In psychometrics, you might have discrete measurements (e.g. on a scale from 1 to 4), but still assume that those measurements represent an underlying continuous process.
I am trying to produce a plot that depicts these discrete measurements and the underlying distribution.
So far I haven't managed to get what I produced. The best I have come up so far is trying to overlay the density plot on a histogram.
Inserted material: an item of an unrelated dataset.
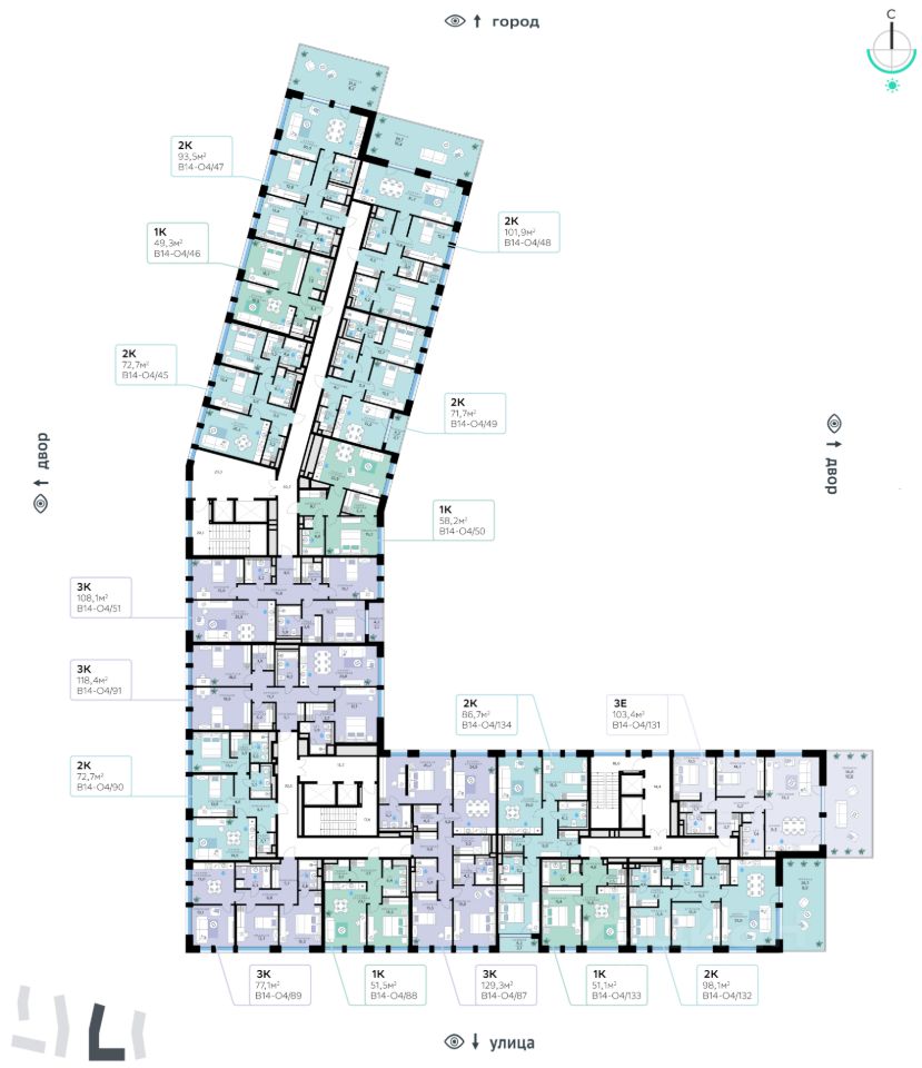 Архитектуру корпусов квартала разработало итальянское бюро. В облике отражена природная палитра: фасады выполнены в тёплой гамме и отличаются геометричной сеткой объёмных элементов светло-бежевого оттенка. За ними скрываются вставки с текстурой под дерево, создающие игру света и тени. Из окон открываются виды на парк и реку, а всего в трёх минутах пешком — набережная. В14 примыкает к главному парку СберСити. В квартале — уютные дворы без машин с крупномерными растениями, кустарниками, многолетними цветами, детскими площадками и зонами отдыха.
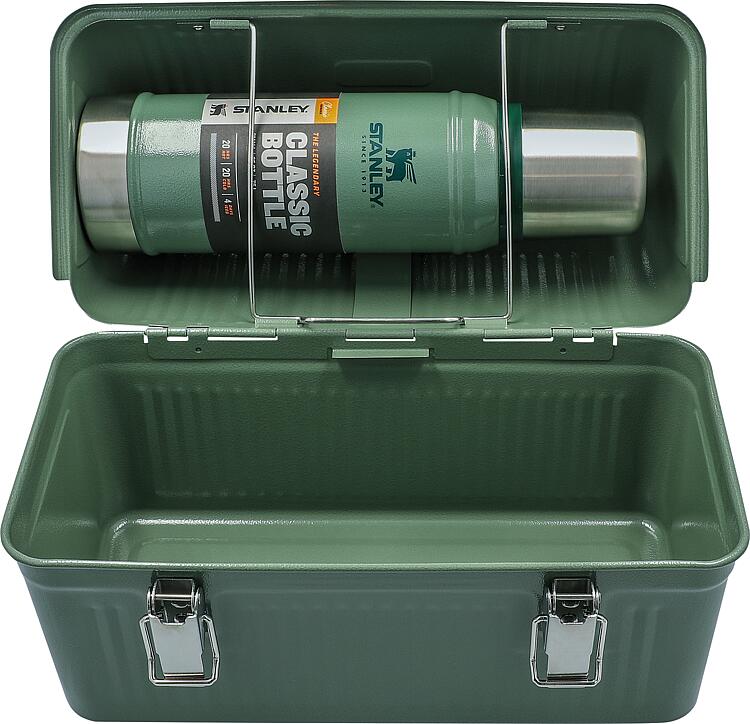 Description • Matériau : acier SPC, 0,6mm, avec peinture martelée verte • Capacité (l) : 9,4 • Poids (kg) : 1,7 • Support de bouteille dans le couvercle (livré sans bouteille) • Dimensions (L x l x H) mm : 330 x 165 x 254 • Avec deux boucles de fermeture sûres et une poignée de transport pratique Caractéristiques techniques

But there is a mismatch between the scale of the histogram densities and the scale of the density line:
library(ggplot2)
var1 <- c(rep(1, times = 50),
rep(2, times = 60),
rep(3, times = 40),
rep(4, times = 30))
df <- as.data.frame(var1)
ggplot(df, aes(x=var1)) +
geom_line(aes(y=..density..),stat = 'density') +
geom_histogram(aes(y=..density..))
#> `stat_bin()` using `bins = 30`. Pick better value with `binwidth`.
My understanding is that I am looking at two different density functions:
- on the histogram, I oversample some parts of the distribution and undersample others, which produces "distorted" density estimates compared to
- the density line, where the density estimate is computed the whole (continuous) range of values on my interval.
... is there a way to get both functions to the same scale (or if not, maybe someone has a clue why it makes no statistical sense to try and do that).
Thanks!